Marriage. Traditionally, incest prohibitions applied absolutely to siblings, strongly to first cousins, and rather weakly beyond that. Parents attempted to control, and certainly to influence, their children's choice of a spouse, but there was no institutionalized betrothal system. Monogamy predominated, with polygyny practiced by a few wealthy men, most of whom had two wives, but a few of whom had as many as five. Polyandry was permitted, but was extremely rare. Postmarital residence was bilocal. Divorce was common, especially during the early years of adult life. It could be effected by either party.

Domestic Unit. A household could consist of a single conjugal family, but usually comprised two or more conjugal families connected by sibling or cousin ties reckoned through either the female or male lines, or both.

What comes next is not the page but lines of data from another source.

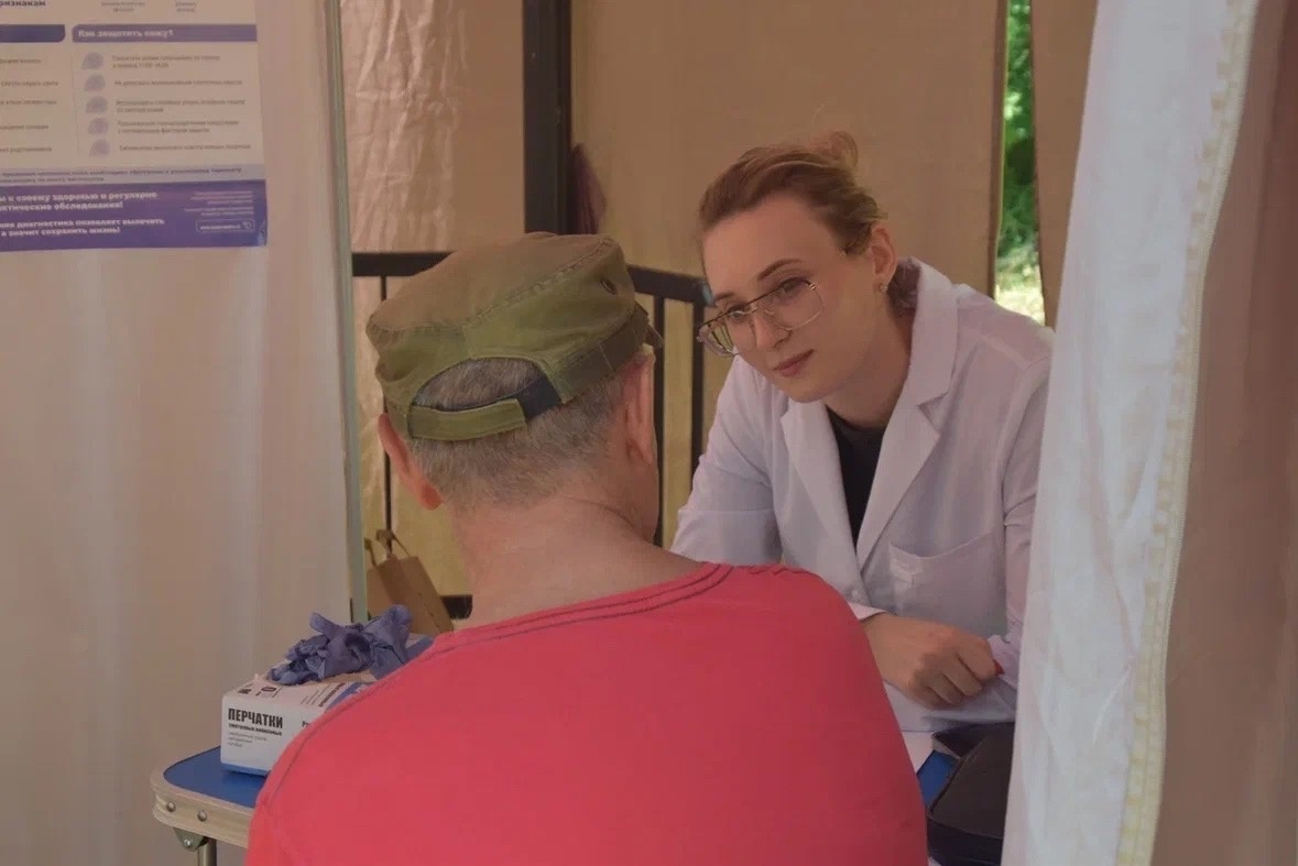 Жители посетили «Палатку здоровья», где прошли осмотр и получили консультацию врача-онколога областного онкодиспансера. Специалисты рассказали участникам акции о факторах развития злокачественных новообразований кожи, методах самообследования и мерах профилактики, которые помогут сократить риск развития рака кожи.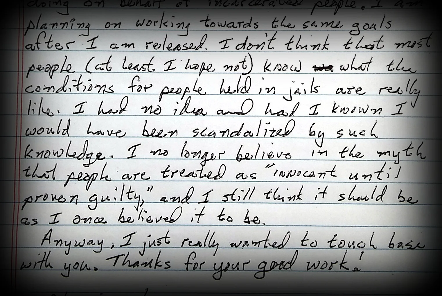 As to my mindset, well, jail has changed my outlook about a lot of things. I no longer believe in the myth of “innocent until proven guilty” for starters. I was, as an empirical scientist performing cutting edge research, a devout atheist. In my time here I have found that God is real, and have become a follower of Christ. I do not think that I could have survived here this long without God’s help.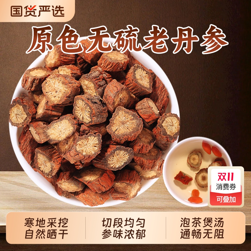 老丹参中药材正品官方旗舰店特级紫丹参片泡水喝丹叁茶粉黄芪山楂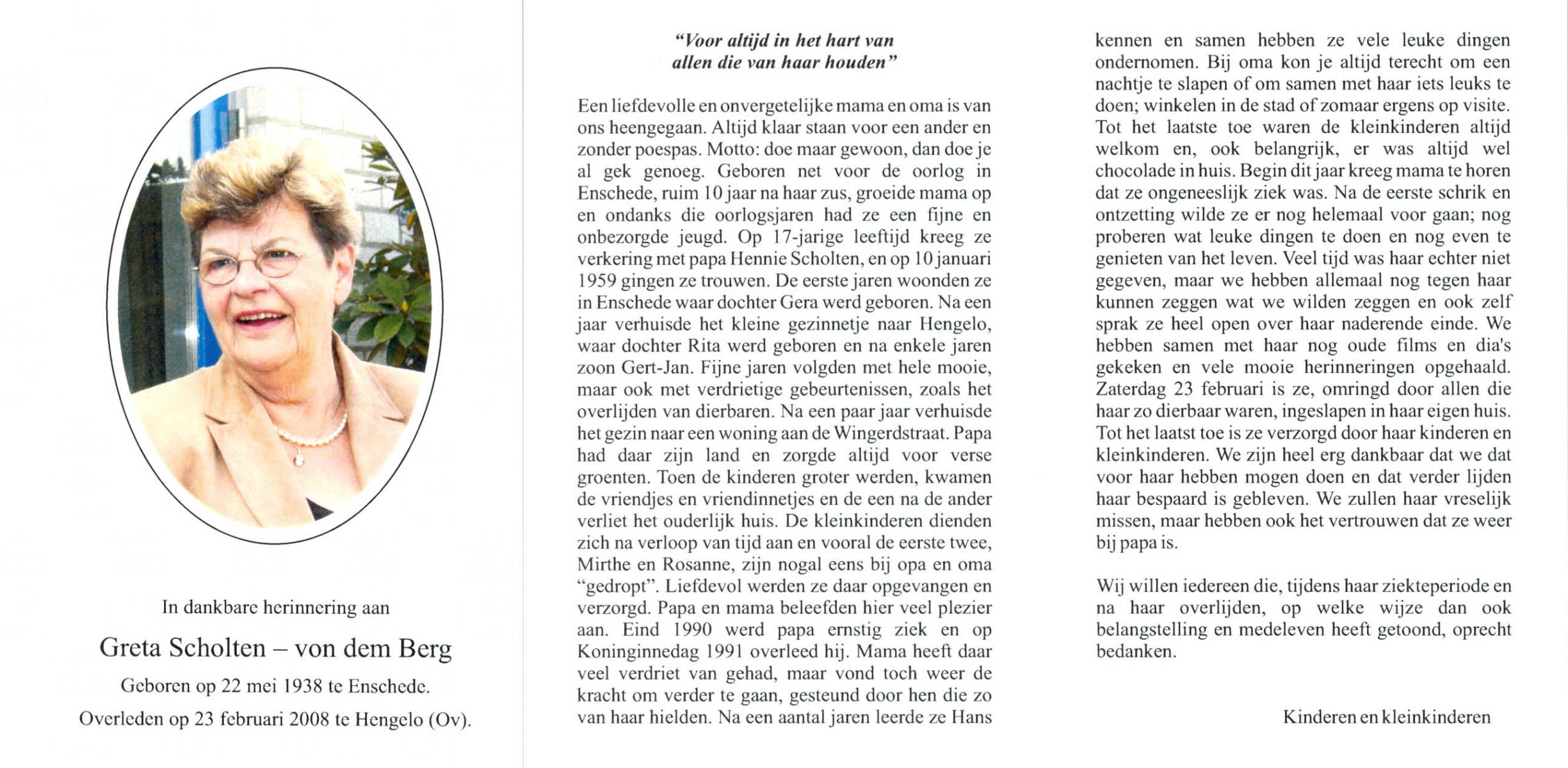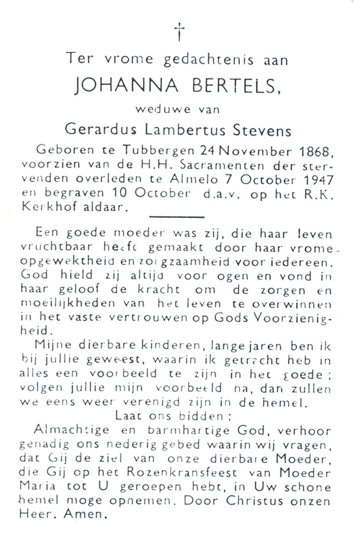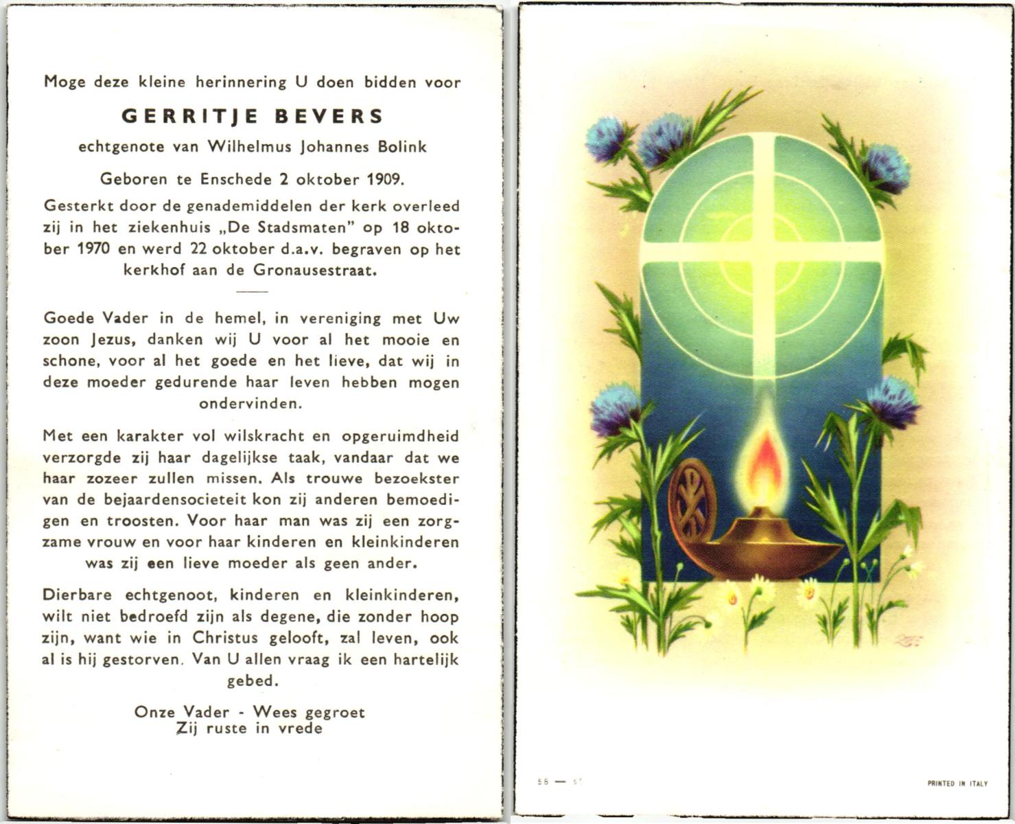 BEVERS, Gerritje, geboren op 2-10-1909 te Enschede, overleden op 18-10-1970 te Enschede, ziekenhuis op 61-jarige leeftijd, begraven op 22-10-1970 te Enschede.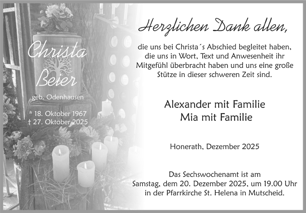 Hier finden Sie alle Traueranzeigen aus der Zeitung, die bisher für Christa Beier erschienen sind. Weitere Traueranzeigen, die in der Zeitung erscheinen, werden hier ebenfalls aufgelistet

Adjacent houses were usually occupied by people who were closely related and often were connected to one another by tunnels or passageways, the whole being a single economic and political unit managed by the family head and his wife. Three-generation households were common. This general pattern prevailed until the late 1960s, after which the population increase and the imposition of the U.S. system of land ownership and of clearly bounded property lines in the villages made it difficult to perpetuate.

Inheritance. Individually owned movable property was buried with the deceased. Houses, boats, and other items owned by the family as a whole continued to be used by the surviving members of that family.

Socialization. Traditionally, the ratio of adults to children was high, and children received a great deal of individual attention and supervision. Discipline was permissive. Children were encouraged to learn by a combination of admonition, example, and especially practice. The traditional approach is still preferred in native households. As the ratio of children to adults increased in the twentieth century, however, it became less effective because there were too many children to look after with the same level of care. Jobs now take one or more parents out of the house for several hours each day, and much socialization takes place outside the family context, primarily in schools.